**** EXTRACTED ENTRIES

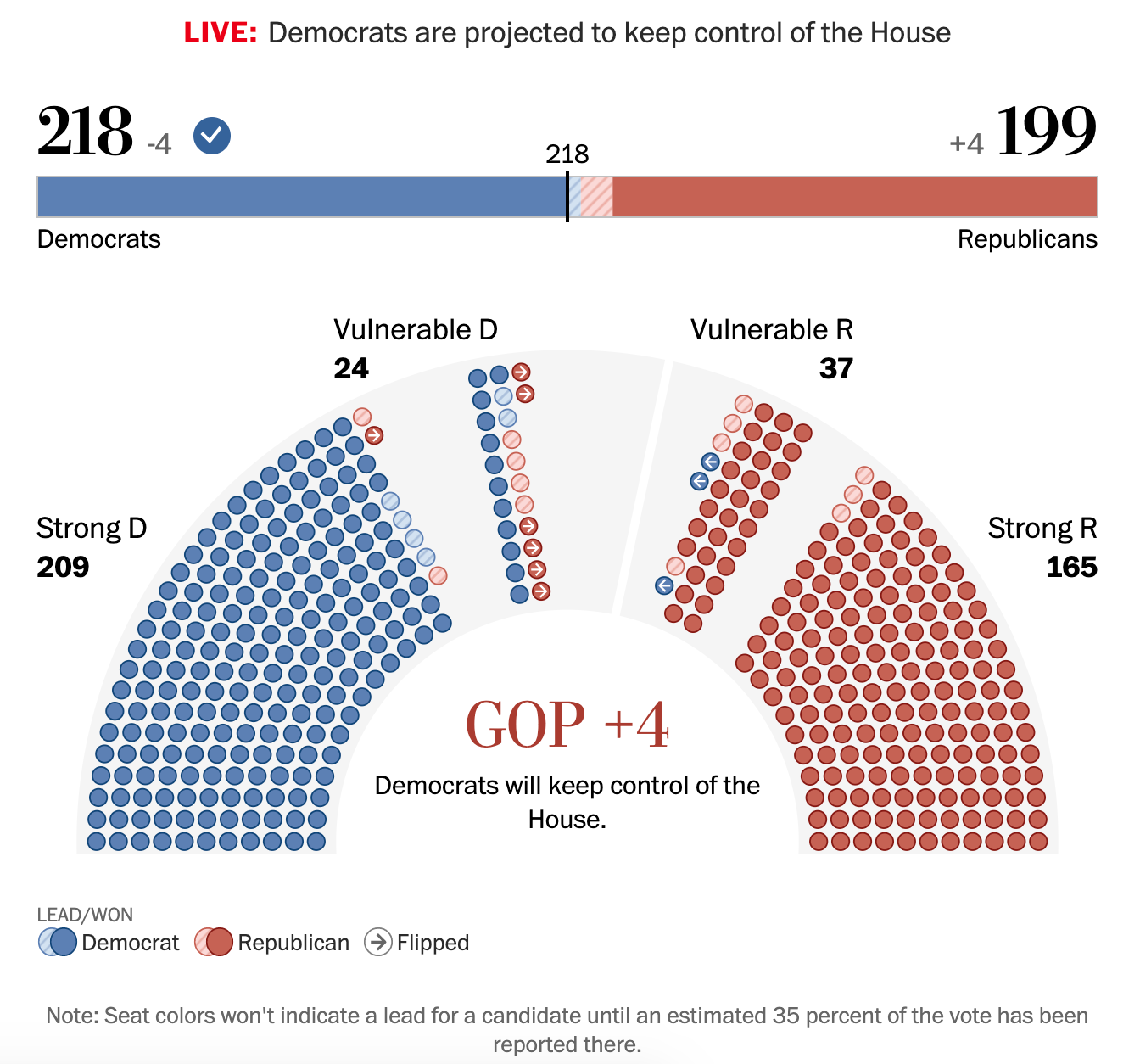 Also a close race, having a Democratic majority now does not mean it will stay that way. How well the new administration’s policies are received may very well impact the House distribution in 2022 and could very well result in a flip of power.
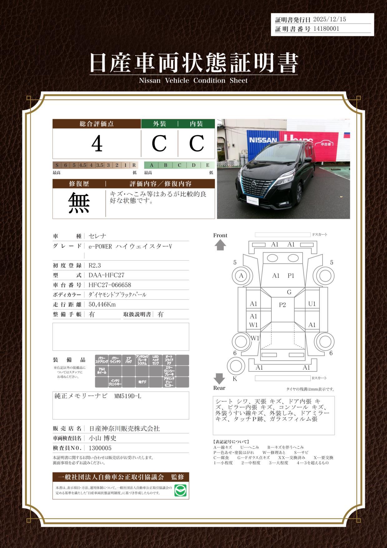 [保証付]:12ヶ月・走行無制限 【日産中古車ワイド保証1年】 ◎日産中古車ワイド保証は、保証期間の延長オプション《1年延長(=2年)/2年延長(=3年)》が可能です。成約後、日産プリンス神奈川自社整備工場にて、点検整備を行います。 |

********
**** EXTRACTED ENTRIES

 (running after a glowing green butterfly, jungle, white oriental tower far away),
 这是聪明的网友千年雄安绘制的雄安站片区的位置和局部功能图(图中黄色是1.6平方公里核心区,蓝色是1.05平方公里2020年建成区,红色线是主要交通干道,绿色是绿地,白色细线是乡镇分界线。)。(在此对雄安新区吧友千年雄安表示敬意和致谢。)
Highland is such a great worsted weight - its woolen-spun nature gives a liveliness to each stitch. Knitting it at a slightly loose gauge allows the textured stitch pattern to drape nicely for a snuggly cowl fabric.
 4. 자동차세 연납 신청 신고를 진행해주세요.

********
**** EXTRACTED ENTRIES

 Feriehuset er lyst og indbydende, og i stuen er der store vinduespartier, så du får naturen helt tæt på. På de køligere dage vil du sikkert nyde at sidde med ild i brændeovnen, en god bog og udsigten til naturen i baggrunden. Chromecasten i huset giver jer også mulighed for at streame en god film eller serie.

********

WHAT NEEDS TO BE DONE: In the listing above, find the line containing "这是聪明的网友千年雄安绘制的" and the line containing "4. 자동차세 연납 신청 신고를 진행해주세요.", then repeat those two lines and everything between them exactly.

RESULT FOR THIS TASK:
 这是聪明的网友千年雄安绘制的雄安站片区的位置和局部功能图(图中黄色是1.6平方公里核心区,蓝色是1.05平方公里2020年建成区,红色线是主要交通干道,绿色是绿地,白色细线是乡镇分界线。)。(在此对雄安新区吧友千年雄安表示敬意和致谢。)
Highland is such a great worsted weight - its woolen-spun nature gives a liveliness to each stitch. Knitting it at a slightly loose gauge allows the textured stitch pattern to drape nicely for a snuggly cowl fabric.
 4. 자동차세 연납 신청 신고를 진행해주세요.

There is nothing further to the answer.